In the previous exercise, the input datasets were converted into DMatrix data on the fly, but when you use the xgboost cv object, you have to first explicitly convert your data into a DMatrix. So, that's what you will do here before running cross-validation on churn_data.

**Instructions**

* Create a `DMatrix` called `churn_dmatrix` from churn_data using `xgb.DMatrix()`. The features are available in X and the labels in y.
* Perform 3-fold cross-validation by calling `xgb.cv()`. dtrain is your `churn_dmatrix`, `params` is your parameter dictionary, nfold is the number of cross-validation folds (`3`), num_boost_round is the number of trees we want to build (`5`), metrics is the metric you want to compute (this will be `"error"`, which we will convert to an accuracy).



In [None]:
# Create arrays for the features and the target: X, y
X, y = churn_data.iloc[:,:-1], churn_data.iloc[:,-1]

# Create the DMatrix from X and y: churn_dmatrix
churn_dmatrix = xgb.DMatrix(data=X, label=y)

# Create the parameter dictionary: params
params = {"objective":"reg:logistic", "max_depth":3}

# Perform cross-validation: cv_results
cv_results = xgb.cv(dtrain=churn_dmatrix, params=params, 
                  nfold=3, num_boost_round=5, 
                  metrics="error", as_pandas=True, seed=123)

# Print cv_results
print(cv_results)

# Print the accuracy
print(((1-cv_results["test-error-mean"]).iloc[-1]))

In [None]:
# Perform cross_validation: cv_results
cv_results = xgb.cv(dtrain=churn_dmatrix, params=params, 
                  nfold=3, num_boost_round=5, 
                  metrics="auc", as_pandas=True, seed=123)

# Print cv_results
print(cv_results)

# Print the AUC
print((cv_results["test-auc-mean"]).iloc[-1])

### 2. When to use XGBoost
* Given that I've already talked a bit about when and where XGBoost shines, some of this shouldn't come as a surprise to you.
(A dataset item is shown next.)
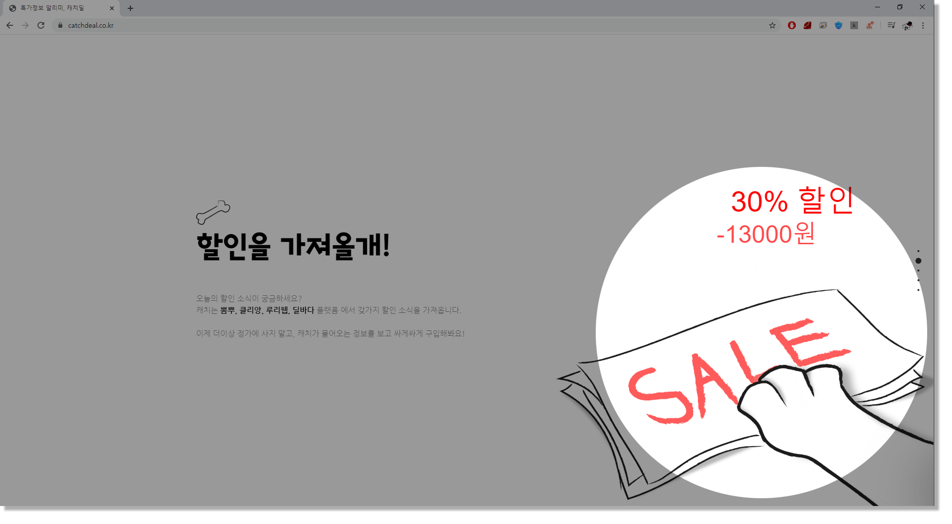 홍보페이지에 있어 캐치딜이 할인 데이터 정보를 가져온다는 소개와 함께, 뭔가 할인정보를 가득 담아온다는 느낌의 일러스트가 필요한 상황이었습니다.

You should consider using XGBoost for any supervised machine learning task that fits the following criteria: You have a large number of training examples. Although your definition of large can vary, I intend it to mean a dataset that has few features and at least 1000 examples. However, in general, as long as the number of features in your training set is smaller than the number of examples you have, you should be fine. Finally, XGBoost tends to do well when you have a mixture of categorical and numeric features, or when you have just numeric features.

### 3. When to NOT use XGBoost
* When should you not use XGBoost? The most important kinds of problems where XGBoost is a suboptimal choice involve either those that have found success using other state-of-the-art algorithms or those that suffer from dataset size issues. Specifically, XGBoost is not ideally suited for image recognition, computer vision, or natural language processing and understanding problems, as those kinds of problems can be much better tackled using deep learning approaches. In terms of dataset size problems, XGBoost is not suitable when you have very small training sets ( less than 100 training examples) or when the number of training examples is significantly smaller than the number of features being used for training.